Brown’s honest, down-to-earth prose is always readable and sometimes moving, but most of the pieces here lack substance.

Ten autobiographical essays that read more like journal entries, by the King of Grit Lit (Fay, 2000, etc.), disappointingly not up to the level of Brown’s last nonfiction collection, On Fire (1994).

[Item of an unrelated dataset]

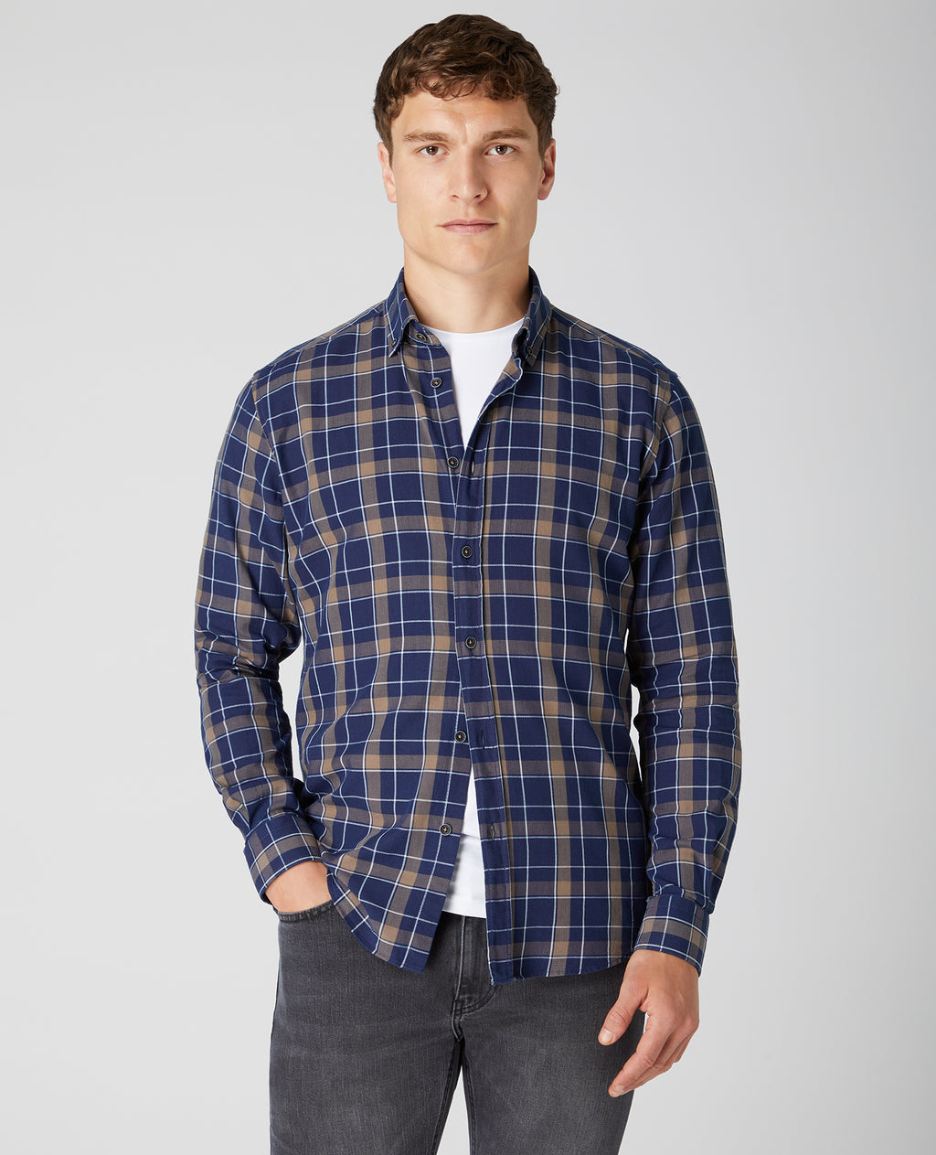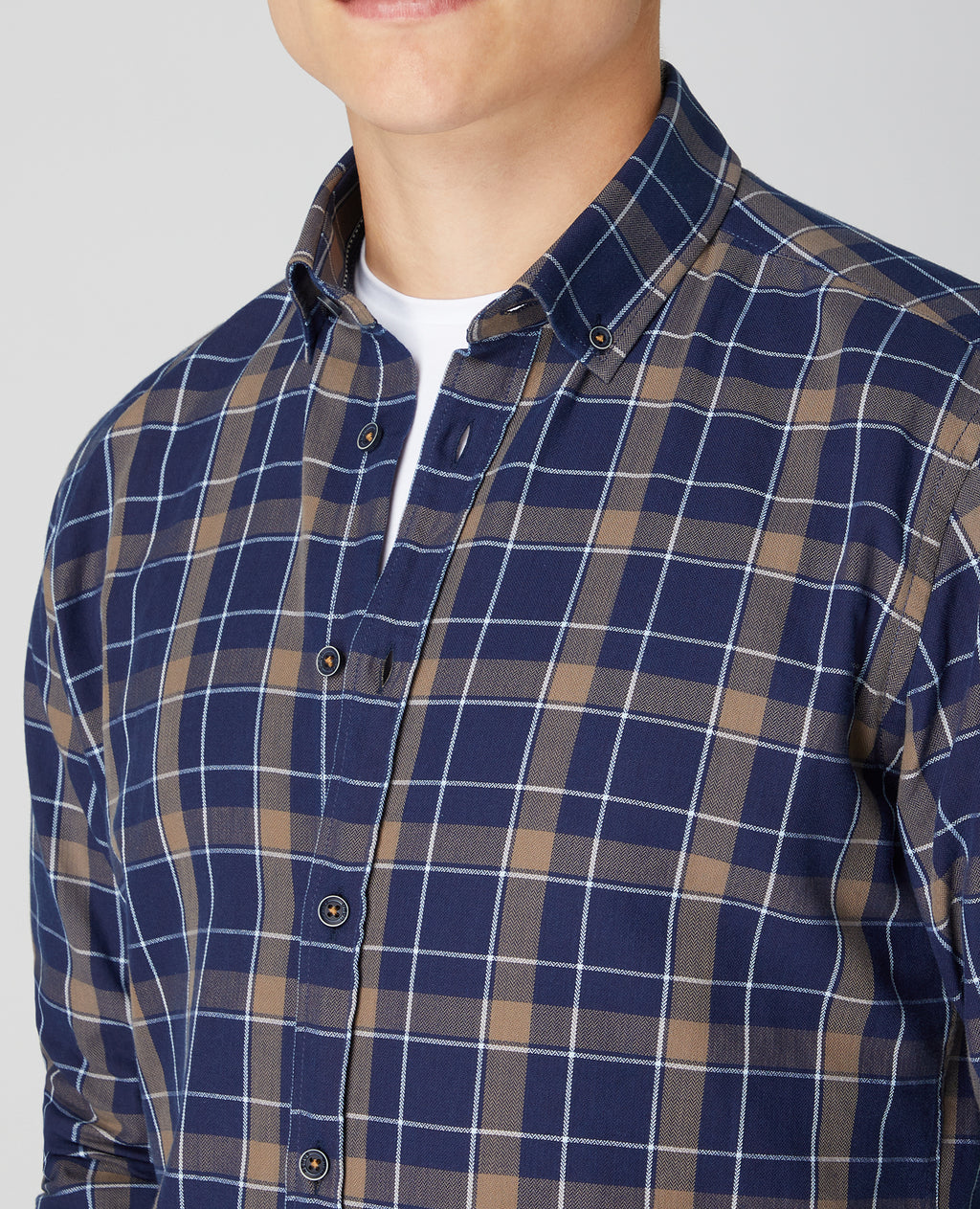 - Button down collar.
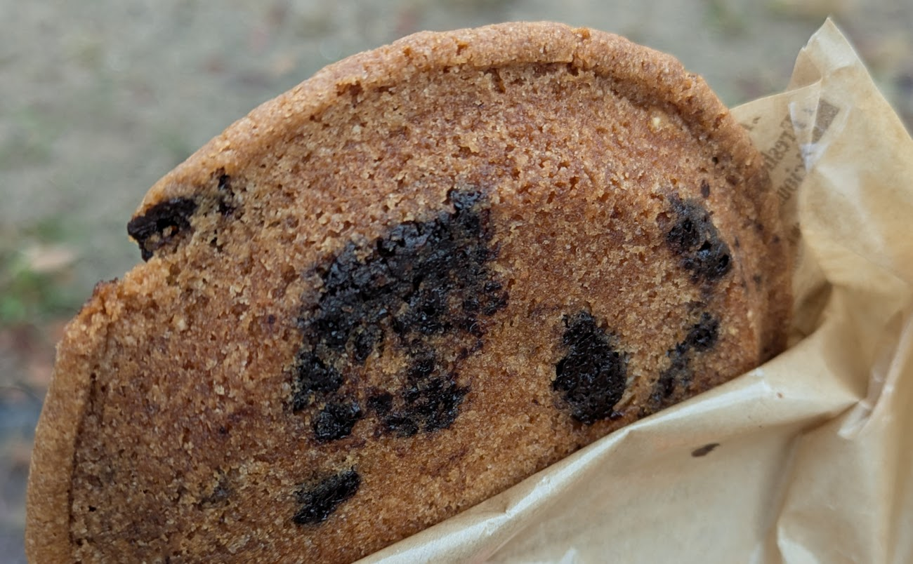 中はしっとりしていて、クック―の周りはサクサクしていて食感もすごく良い、近い食感の物で言うと、タルト生地?が近いかも、めちゃくちゃうまいタルトの生地の部分の食感ですごい美味しかった、味はチョコチップクッキーの高級版って言われて想像する感じの味でした。

The title piece, originally released in 1997 as a 40-page art edition, is the collection’s high-water mark, a richly told story about Brown’s son’s hopes of becoming a cattle-farmer in spite of a never-ending string of bad luck. (The instance detailed here involves birthing two stillborn calves.) “By the Pond,” which describes taking eight acres from which Brown fished as a young boy, fixing them up, and putting a dock in the water, is also noteworthy. “Thicker Than Blood,” short but effective, returns to Brown’s frequent subject, hunting, to tell how the older men in his small-town community initiated him into the world of hunting and its “reserves of good memories,” filling in for the father who died when he was 16 (and who didn’t hunt anyway). Brown struggles but nearly gets it right with a couple of others: “Harry Crews: Mentor and Friend,” an account of his life as a writer and Crews’s huge influence on him, and “So Much Fish, So Close to Home: an Improv,” a highly original but unfocused and awkward tale in need of editing. “Chattanooga Nights,” touching for its aw-shucks description of Brown’s first invitation to a literature conference, feels redundant after “Harry Crews” and comes embarrassingly close to self-canonization with its invocation of Eudora Welty, William Styron, Ernest Gaines, and the like. Of the collection’s final three essays, two (“Goat Songs” and “Shack”) are fine but not noteworthy, and the other (“The Whore in Me”) is uninspired.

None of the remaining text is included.